++++ Information given
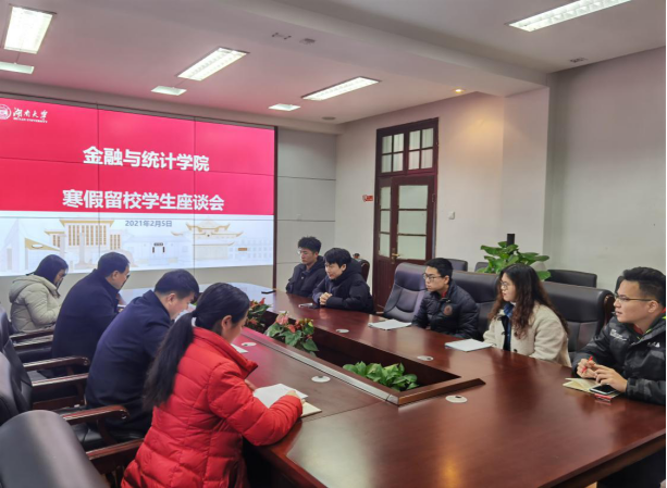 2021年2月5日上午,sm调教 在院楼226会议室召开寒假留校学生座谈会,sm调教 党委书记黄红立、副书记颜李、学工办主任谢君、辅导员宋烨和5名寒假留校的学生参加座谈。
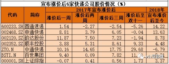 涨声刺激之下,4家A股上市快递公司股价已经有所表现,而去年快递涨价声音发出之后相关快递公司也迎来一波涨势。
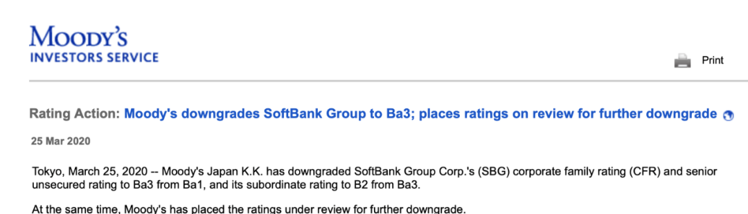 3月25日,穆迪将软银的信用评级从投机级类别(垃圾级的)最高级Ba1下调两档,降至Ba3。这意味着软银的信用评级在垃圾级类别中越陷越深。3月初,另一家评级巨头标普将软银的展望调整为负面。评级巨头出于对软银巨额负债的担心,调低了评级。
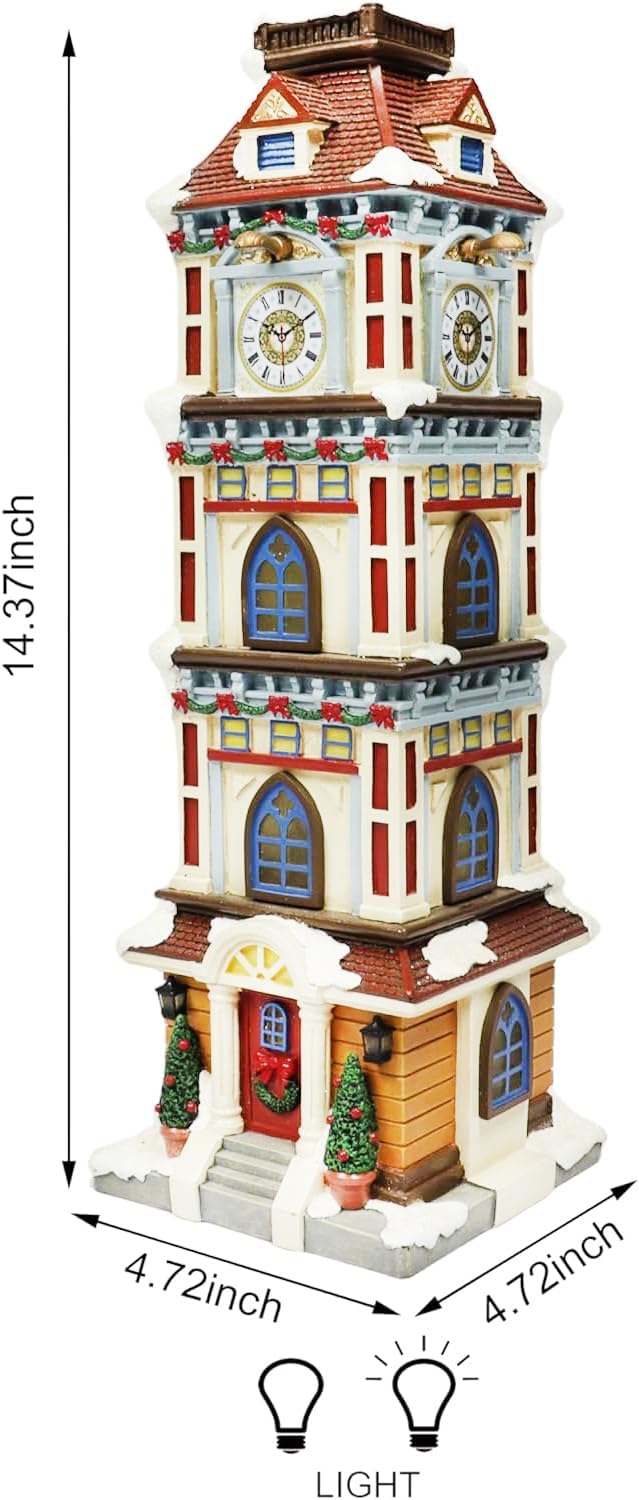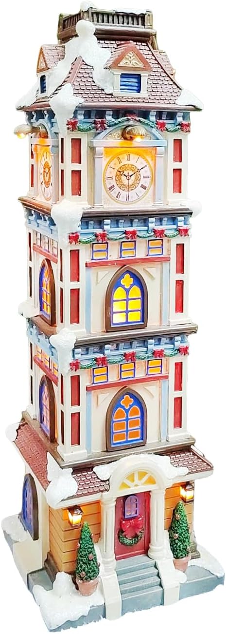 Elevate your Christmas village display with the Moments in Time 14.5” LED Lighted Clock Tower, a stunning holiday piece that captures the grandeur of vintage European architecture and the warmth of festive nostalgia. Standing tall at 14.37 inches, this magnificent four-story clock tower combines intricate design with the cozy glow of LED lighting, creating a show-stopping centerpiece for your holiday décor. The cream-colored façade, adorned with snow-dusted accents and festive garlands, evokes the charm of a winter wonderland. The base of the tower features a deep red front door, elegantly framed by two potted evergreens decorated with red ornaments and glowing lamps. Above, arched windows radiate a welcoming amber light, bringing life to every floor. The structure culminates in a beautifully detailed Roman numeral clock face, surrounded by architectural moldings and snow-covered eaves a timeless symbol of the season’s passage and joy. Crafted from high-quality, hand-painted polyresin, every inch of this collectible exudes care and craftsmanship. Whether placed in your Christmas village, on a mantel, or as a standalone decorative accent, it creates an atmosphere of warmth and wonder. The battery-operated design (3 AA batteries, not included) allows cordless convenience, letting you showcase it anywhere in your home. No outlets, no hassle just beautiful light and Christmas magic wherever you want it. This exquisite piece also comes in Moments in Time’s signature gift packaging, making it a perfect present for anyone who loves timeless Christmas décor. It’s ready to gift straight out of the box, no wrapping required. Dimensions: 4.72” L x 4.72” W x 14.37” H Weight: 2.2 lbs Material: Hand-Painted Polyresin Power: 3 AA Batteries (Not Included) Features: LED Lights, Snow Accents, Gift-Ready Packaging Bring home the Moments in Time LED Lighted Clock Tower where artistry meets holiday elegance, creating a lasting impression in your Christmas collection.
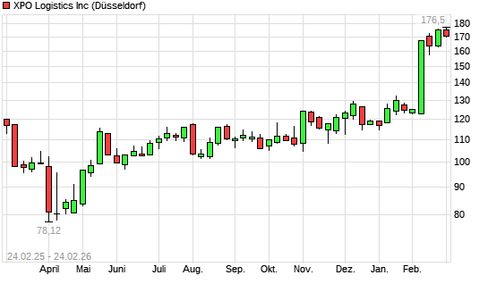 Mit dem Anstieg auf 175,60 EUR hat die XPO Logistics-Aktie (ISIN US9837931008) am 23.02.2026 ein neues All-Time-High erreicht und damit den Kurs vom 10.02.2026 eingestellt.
++++++++
++++ Information given
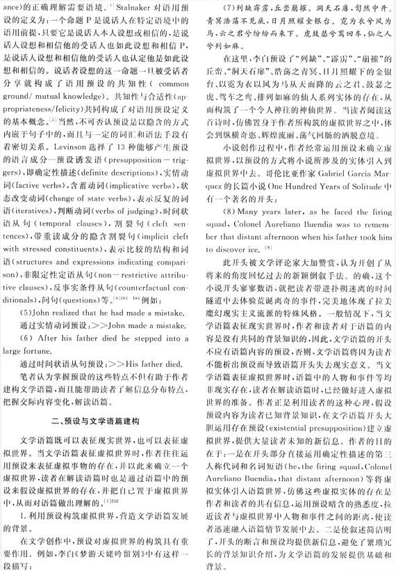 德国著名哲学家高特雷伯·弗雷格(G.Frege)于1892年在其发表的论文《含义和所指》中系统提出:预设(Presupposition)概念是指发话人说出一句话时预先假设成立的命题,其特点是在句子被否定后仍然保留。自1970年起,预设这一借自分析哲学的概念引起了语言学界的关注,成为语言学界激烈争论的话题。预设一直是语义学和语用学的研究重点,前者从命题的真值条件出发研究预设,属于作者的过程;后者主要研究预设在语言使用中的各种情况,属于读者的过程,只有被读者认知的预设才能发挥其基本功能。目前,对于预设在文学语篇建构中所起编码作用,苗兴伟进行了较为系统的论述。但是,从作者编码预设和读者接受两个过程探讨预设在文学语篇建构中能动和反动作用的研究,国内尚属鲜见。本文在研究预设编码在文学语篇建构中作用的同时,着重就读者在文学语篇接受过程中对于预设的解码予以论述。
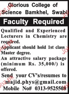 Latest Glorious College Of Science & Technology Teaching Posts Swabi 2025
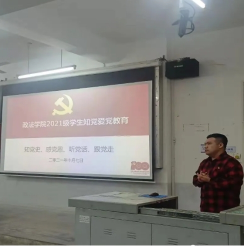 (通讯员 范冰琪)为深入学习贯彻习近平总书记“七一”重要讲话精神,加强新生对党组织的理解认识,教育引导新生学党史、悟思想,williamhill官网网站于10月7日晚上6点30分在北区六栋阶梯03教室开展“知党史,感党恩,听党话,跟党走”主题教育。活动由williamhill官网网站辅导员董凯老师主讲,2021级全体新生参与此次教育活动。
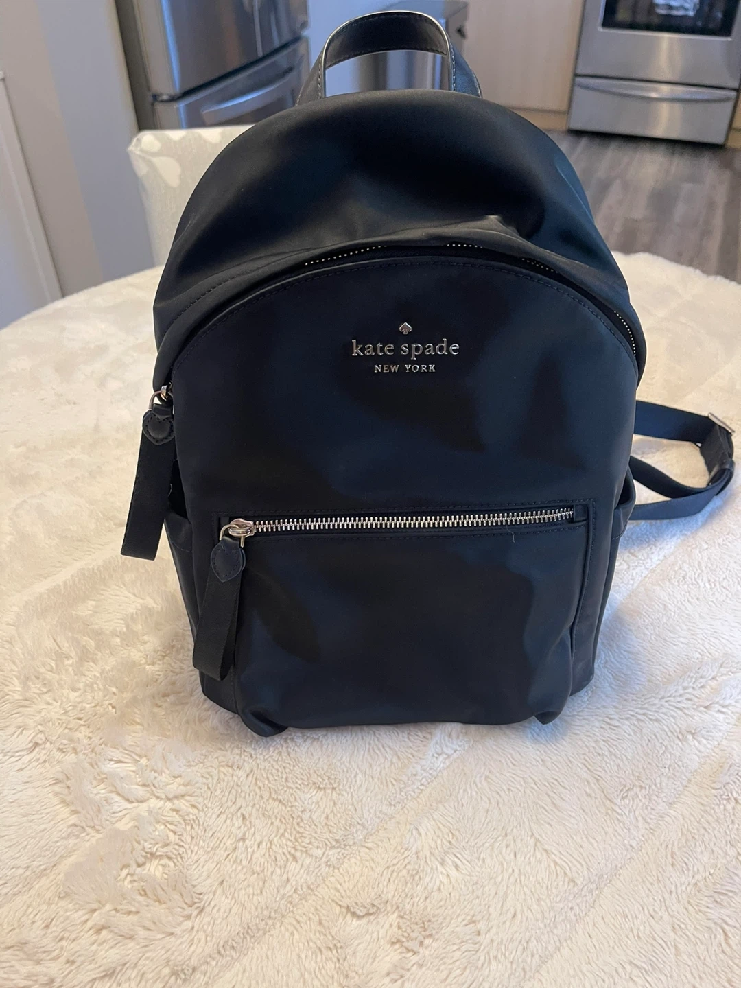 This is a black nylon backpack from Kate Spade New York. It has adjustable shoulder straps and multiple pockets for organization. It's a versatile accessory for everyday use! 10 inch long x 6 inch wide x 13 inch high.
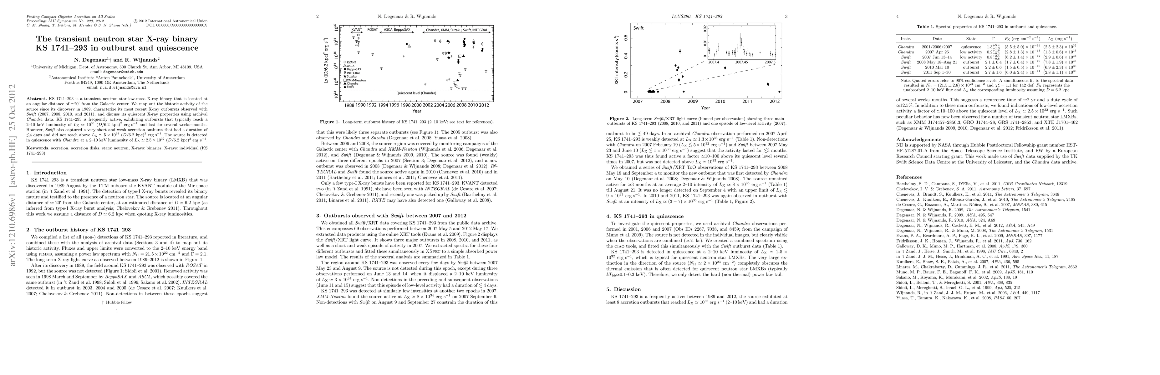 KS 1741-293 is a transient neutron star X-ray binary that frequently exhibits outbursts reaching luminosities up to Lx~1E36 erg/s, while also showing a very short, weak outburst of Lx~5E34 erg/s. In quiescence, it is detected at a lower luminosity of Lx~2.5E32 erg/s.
++++++++
- What is expected -
Only one part of the material above is wanted: the lines from the one with "德国著名哲学家高特雷伯·弗雷" up to and including the one with "This is a black". Please copy them exactly, pictures left out.

- Your solution -
 德国著名哲学家高特雷伯·弗雷格(G.Frege)于1892年在其发表的论文《含义和所指》中系统提出:预设(Presupposition)概念是指发话人说出一句话时预先假设成立的命题,其特点是在句子被否定后仍然保留。自1970年起,预设这一借自分析哲学的概念引起了语言学界的关注,成为语言学界激烈争论的话题。预设一直是语义学和语用学的研究重点,前者从命题的真值条件出发研究预设,属于作者的过程;后者主要研究预设在语言使用中的各种情况,属于读者的过程,只有被读者认知的预设才能发挥其基本功能。目前,对于预设在文学语篇建构中所起编码作用,苗兴伟进行了较为系统的论述。但是,从作者编码预设和读者接受两个过程探讨预设在文学语篇建构中能动和反动作用的研究,国内尚属鲜见。本文在研究预设编码在文学语篇建构中作用的同时,着重就读者在文学语篇接受过程中对于预设的解码予以论述。
 Latest Glorious College Of Science & Technology Teaching Posts Swabi 2025
 (通讯员 范冰琪)为深入学习贯彻习近平总书记“七一”重要讲话精神,加强新生对党组织的理解认识,教育引导新生学党史、悟思想,williamhill官网网站于10月7日晚上6点30分在北区六栋阶梯03教室开展“知党史,感党恩,听党话,跟党走”主题教育。活动由williamhill官网网站辅导员董凯老师主讲,2021级全体新生参与此次教育活动。
 This is a black nylon backpack from Kate Spade New York. It has adjustable shoulder straps and multiple pockets for organization. It's a versatile accessory for everyday use! 10 inch long x 6 inch wide x 13 inch high.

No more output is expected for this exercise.